Comble du pathetique qui me fut donne de voir ce jour-la, quelques mouflets se sont empare de la vessie d'un des cochons et l'ont gonfle d'air pour en faire un ballon de foot (voire photo).

Un autre personnage occupe une place particuliere dans les traditions torajas: le coq, fier animal qui adore faire voler ses plumes en de farouches combats. Les combats de coqs ont lieu regulierement apres les ceremonies funebres. C'est un veritable sport national. Les Torajas cherissent leurs coqs comme des poupons.

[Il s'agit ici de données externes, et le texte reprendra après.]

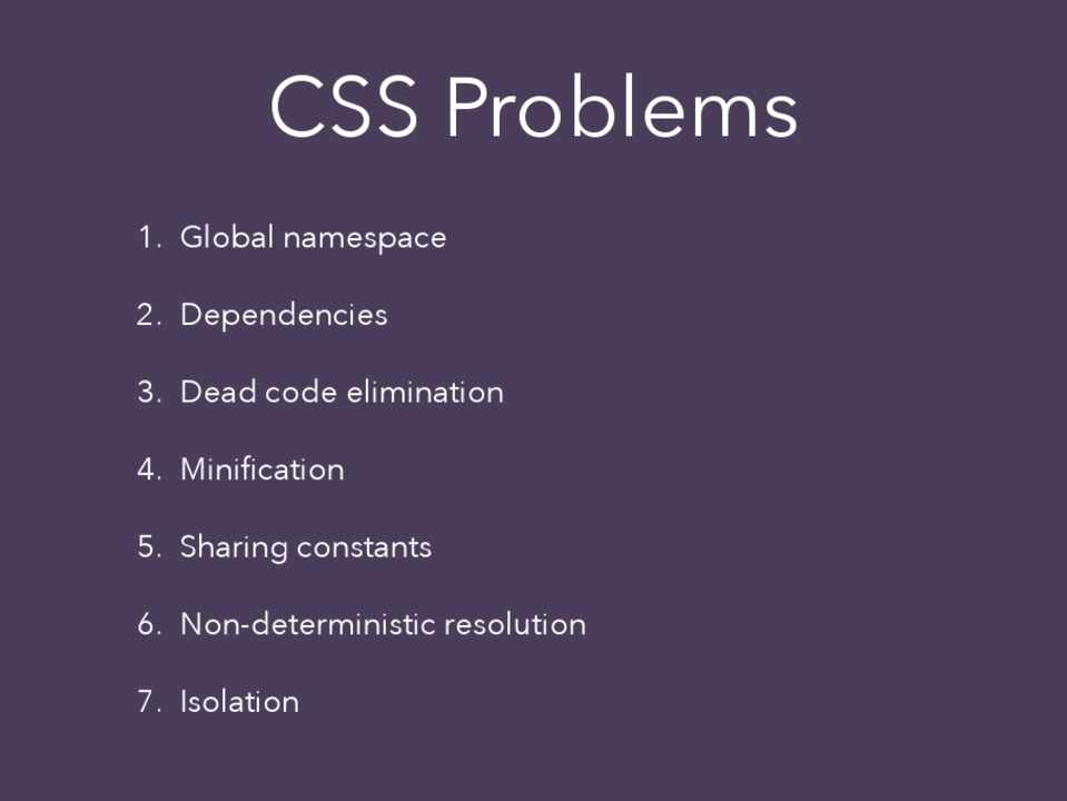 1. Global namespace - solved 2. Dependencies - solved 3. Dead code elimination - solved 4. Minification - solved 5. Sharing constants - solved 6. Non-deterministic resolution - solved 7. Isolation - solved

On voit les hommes caresser avec affection les plumes de leurs poulains avant de les lancer dans l'arene. Pour le combat, ceux-ci sont equipes d'une lame extremement coupante, fixee derriere leurs pattes. Les combats sont tres sanglants et ne durent generalement pas plus d'une minute, jusqu'a l'un des coqs touche le sol de son bec. L'assistance parie a coup de milliers de roupies et se laisse captiver par le spectacle.

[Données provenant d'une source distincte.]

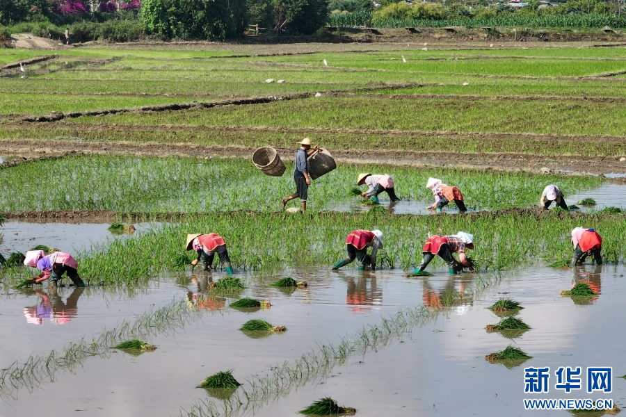 云南省腾冲市和顺镇,农人忙着插秧(6月15日摄)。新华网发(龚祖金 摄)
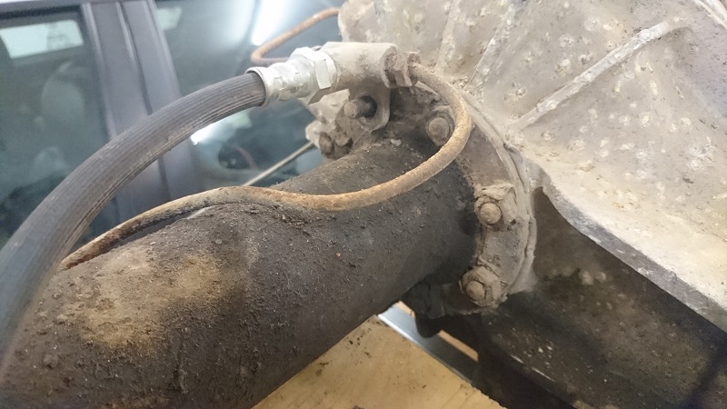 Vorerst wurden Bremsleitungen und Handbremsseil entfernt. Bremstrommel klemmte auch etwas.

Le guide qui m'accompagna au combat paria sur les deux premiers combats. Scene plutot comique, au deuxieme affrontement, l'un des deux coqs pris peur et s'enfuit a toutes jambes. Il s'agissait certainement d'un froussard notoire. Alternativement, on pourrait pretendre que c'etait un coq assez intelligent pour ne pas obeir a ses instincts et tenter d'echapper a une mort certaine. Une sorte d'objecteur de conscience poulet, si on veut. Malheureusement pour lui, ce pacifiste poulet subit le sort de n'importe quel deserteur prit en flagrant delit de fuite: sa gorge fut tranchee sur le champ, tandis qu'on glorifiait son adversaire.

Apres la fuite du coq-poule mouillee, mon guide et moi nous remimes en route, et celui-ci fit une curieuse remarque: " Je me suis trompe dans mes calculs." Comme j'exprimais mon etonnement, il continua de la sorte: " Tu te souviens, avant que nous entrions sur le site du combat, j'ai fait un sejour aux toilettes. Tu as certainement cru que j'allais satisfaire mes besoins. Il n'en etait rien. Je suis alle me preparer pour les combats."

Mon guide me confia qu'avant d'aller aux toilettes, il avait detache quelques graines de cafe d'un arbre a proximite, et les avait utilises pour une ceremonie destinee a prevoir l'issue des combats. Ma curiosite chatouillee, j'insistai pour qu'il me fasse une demonstration exhaustive de son truc.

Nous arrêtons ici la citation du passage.